- Born: David Mortimer
- Origin: United Kingdom
- Genres: Pop
- Occupations: Songwriter; record producer; film-maker; artist manager;
- Formerly of: Boogie Box High

= David Austin (singer) =

British singer and songwriter

David Austin (born David Mortimer) is a British singer and songwriter, who released the single "Turn to Gold", co-written with George Michael in 1984. It reached No. 68 in the UK Singles Chart. The single featured backing vocals from Michael, who called Austin his best friend in the documentary film, A Different Story.

==Early life and career==
Austin was born to Irish parents.
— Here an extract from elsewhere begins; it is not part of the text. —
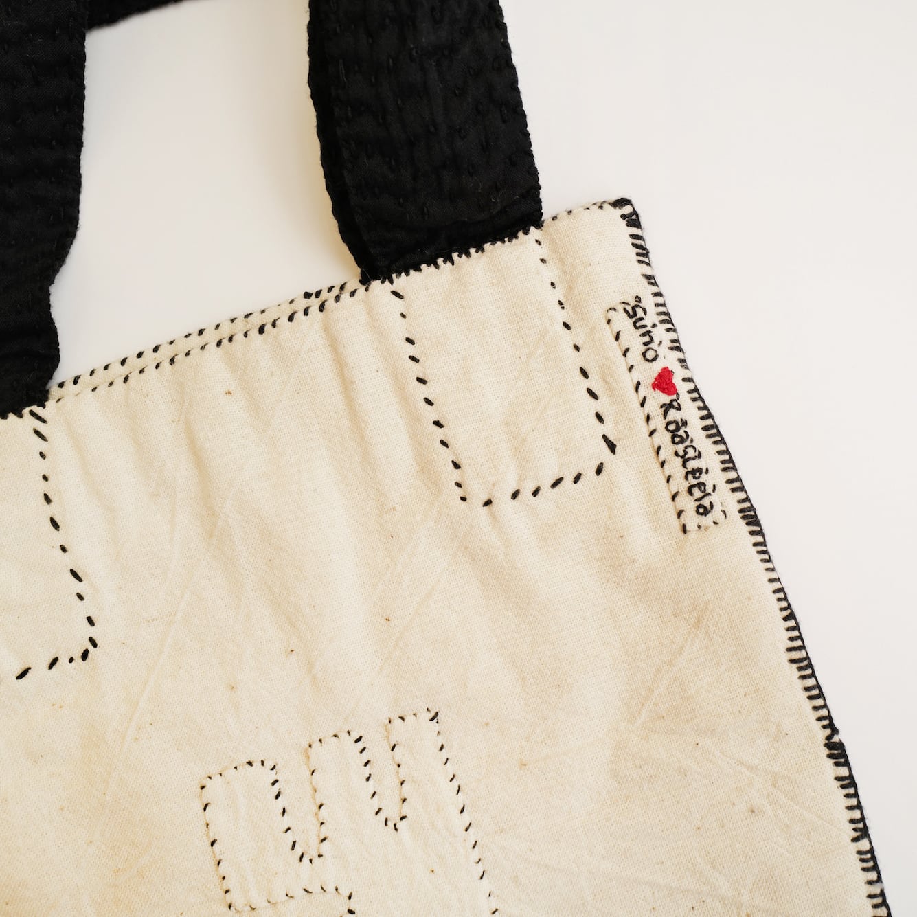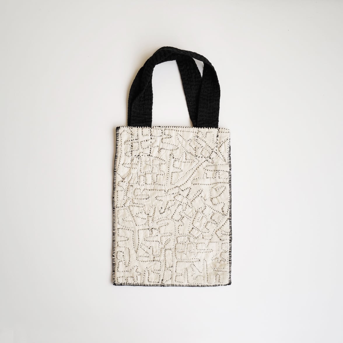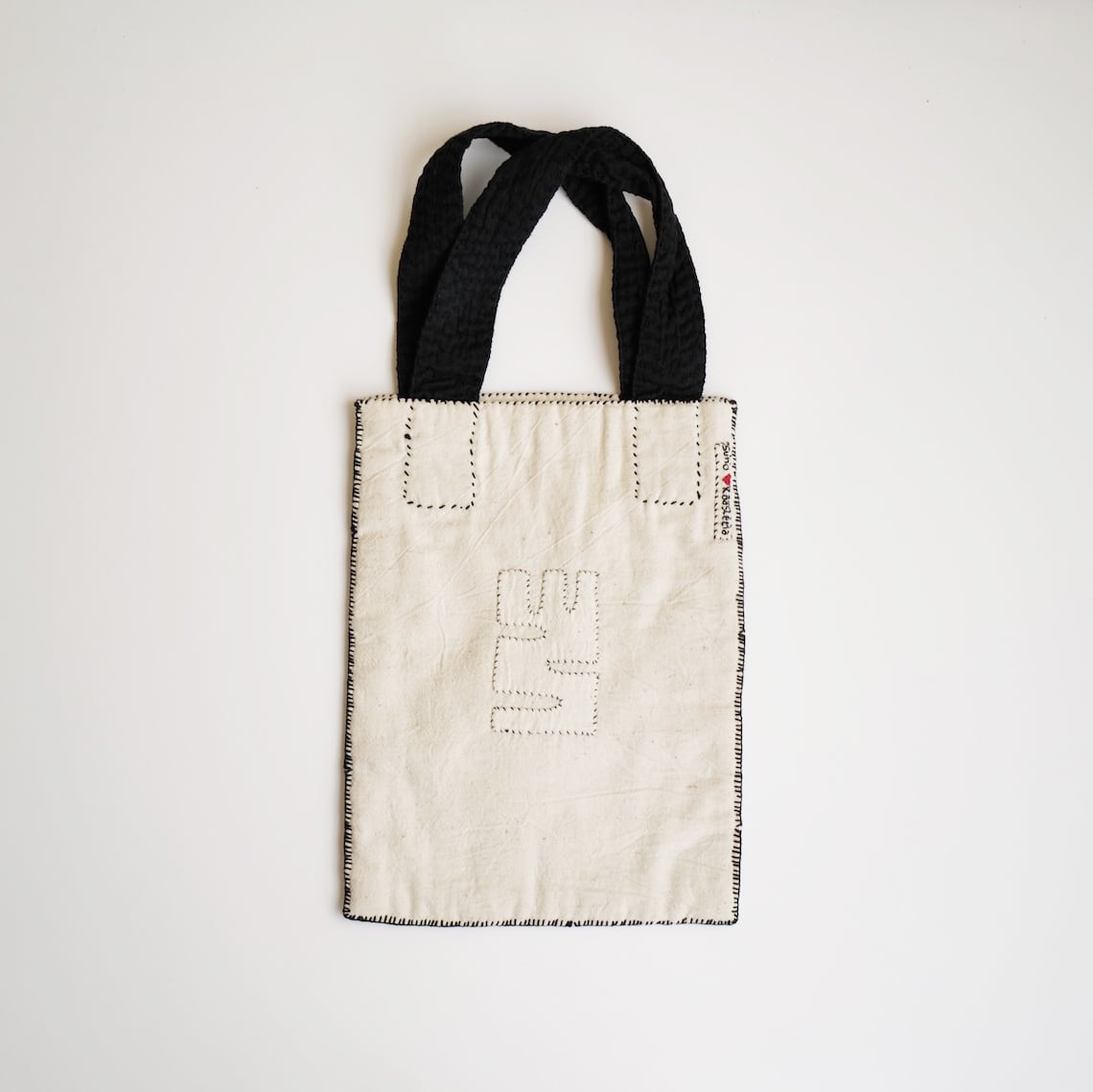 インドの伝統的な手紬ぎ・手織りのカディコットンを使って作られた小ぶりなハンドバッグです。生地にはインドの女性職人によるハンドステッチが施されており、1点1点がまるで布のアート作品のようなデザインになっています。

His father manufactured trumpets and other instruments for the British music company Boosey & Hawkes. By the age of six, Austin had learned to use a Revox recording machine and recorded several songs with Michael, including "Crocodile Rock" by Elton John, "Wig-Wam Bam" by the Sweet—Michael's favorite band—and their first co-written original, "The Music Maker of the World". During 1979–1980, Austin performed in a short-lived ska band called the Executive, along with Michael, Andrew and Paul Ridgeley, Andrew Leaver, Jamie Gould, and Tony Bywaters.

Austin's debut single, "Turn to Gold", was released in May 1984, and featured Michael on backing vocals. His follow-up single, "This Boy Loves the Sun", was released in the late summer of 1984, but did not chart. A third single, "Love While You Can" was released only in Japan. This also featured uncredited vocals by Michael.

Formerly busking partners, Austin and Michael's joint work included the download-only single "John and Elvis Are Dead", "You Have Been Loved" and "Look at Your Hands" from Michael's debut studio album, Faith. Co-written by Austin, "December Song (I Dreamed of Christmas)" was a Christmas single released by Michael on 14 December 2009.

Along with Michael, Austin directed the documentary film George Michael: Freedom, detailing Michael's early solo career and his court case with his record label, Sony Music. An edited version of the film was aired in October 2017 on Channel 4; the original cut premiered in theatres worldwide on 22 June 2022, under the title Freedom Uncut.

He appears as a guitarist in Wham!'s video for the song "The Edge of Heaven".